Enhanced excitability of the corticospinal pathway of the ankle extensor and flexor muscles during standing in humans

The purpose of this study was to investigate how the recruitment properties of the corticospinal pathway are modulated in the soleus (SOL) and tibialis anterior (TA) muscles depending on postures. A wide range of stimulus intensities were applied via transcranial magnetic stimulation over the primary motor cortex during standing (STD) and sitting (SIT) with a comparable background activity level in each muscle. The relationship between the stimulation intensities and the size of motor-evoked potentials was assessed by the Boltzmann sigmoid function, which is characterized by a plateau value, maximum slope, and threshold. The plateau value and maximum slope were significantly higher during STD than during SIT in the SOL muscle (STD vs.
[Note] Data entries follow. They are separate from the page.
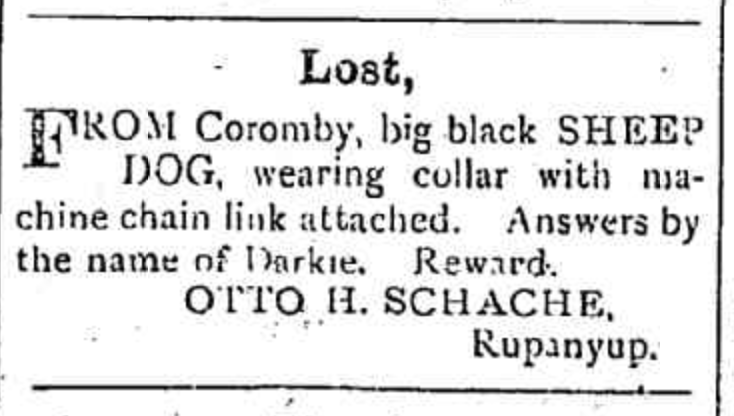 Published References (1.3.1.3 SCHACHE) “Dunmunkle Standard” (Murtoa, Vic.), Friday 27 February 1914, page 5 (underneath “Fatal Buggy Accident”) [Trove]; also published in “Horsham Times” (Vic.), Tuesday 3 March 1914, page 5 (extract from “Property Sale”). “Dunmunkle Standard” (Murtoa, Vic.), Friday 1 February 1918, page 2 (“Advertising”) [Trove].
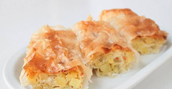Ставете фил преку целата кора и завиткајте ја во ролат. повторувајте ја постаапката додека не ги потрошите сите состојки.
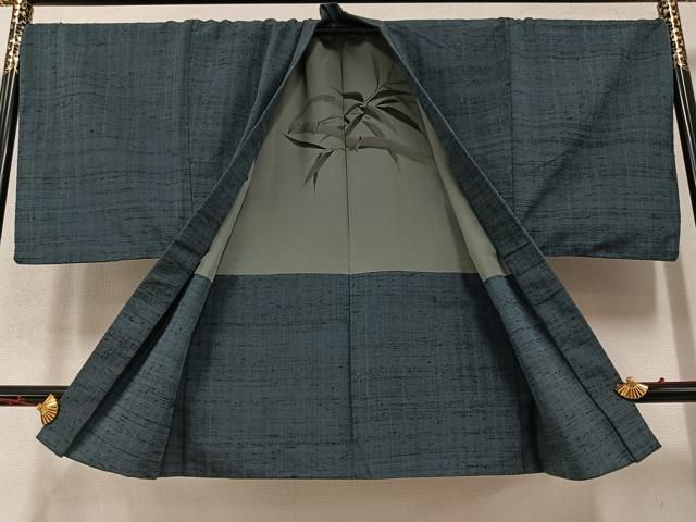 平和屋着物 男性 紬 アンサンブル 色無地 錆鉄御納戸色 正絹 ph
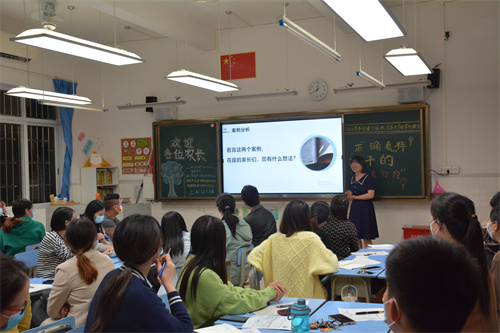 本次活动首先由低年级级长肖清娴进行主题发言,她结合自己的德育实践和管理经验,从主题班会课的定义、班会主题的确立、班会课的策划以及深化巩固成果等方面进行了阐述:选题切入点要小,从急切需要解决的问题出发;借助班会课专属的评价机制提高班会课的有效性……给班主任们带来新的启发。
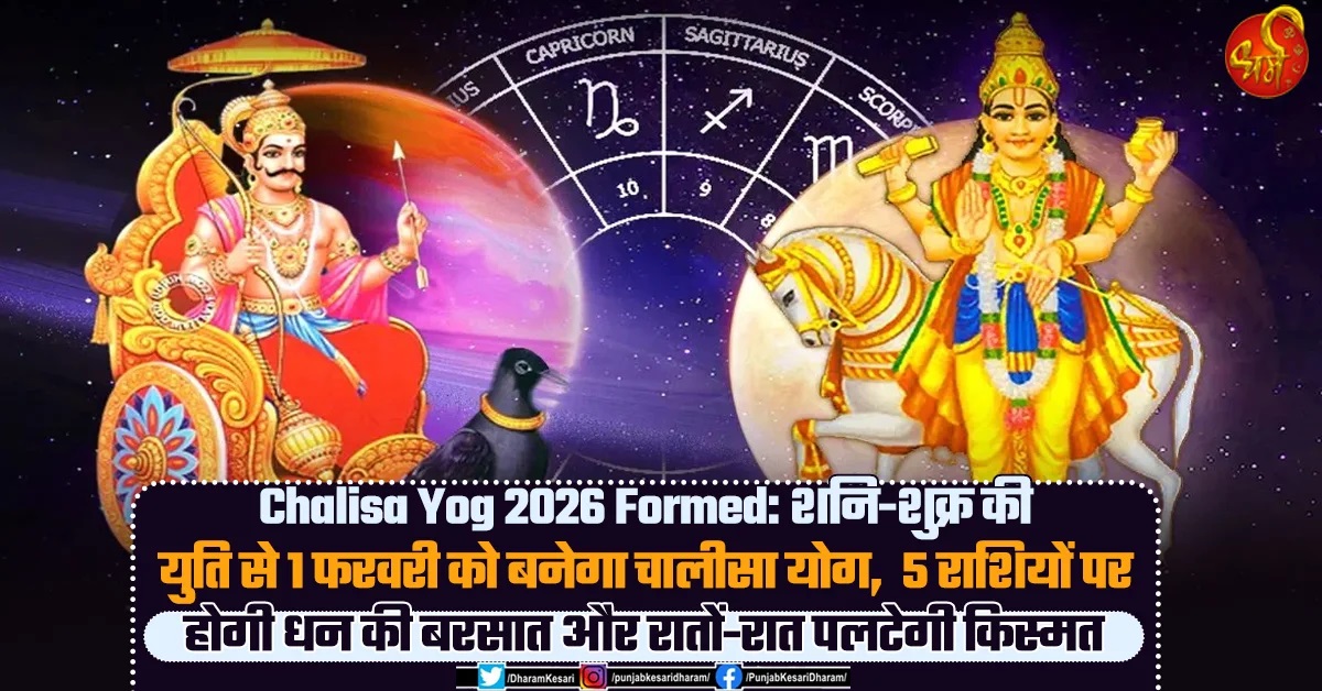 Chalisa Yog 2026: फरवरी 2026 की शुरुआत ज्योतिषीय दृष्टि से बेहद खास रहने वाली है। 1 फरवरी 2026 को शनि और शुक्र ग्रह के बीच 40 डिग्री की दूरी बनने से चालीसा योग का निर्माण होगा। ज्योतिष शास्त्र के अनुसार, यह योग मेहनत, अनुशासन और धैर्य का प्रतीक माना जाता है और जीवन में स्थायी सफलता और खुशियां प्रदान करता है।

SIT, plateau value: 50.0 ± 21.8 vs. 33.9 ± 12.3 mV ms, maximal slope: 1.6 ± 0.7 vs. 1.2 ± 0.5 mV ms/% maximal stimulator output). Similar changes of the parameters were also observed in the TA muscle (STD vs. SIT, plateau value: 71.0 ± 22.9 vs. 41.4 ± 16.1 mV ms, maximal slope: 5.0 ± 2.0 vs. 2.5 ± 0.7 mV ms/% maximal stimulator output). The threshold did not differ significantly between the two conditions and both muscles. These results indicate that the central nervous system requires a different control for each postural condition; that is, the relative balance of the excitatory and inhibitory inputs to the corticospinal pathways as well as the number of neurons of subliminal fringe in the corticospinal pathway was increased during STD compared with those during SIT.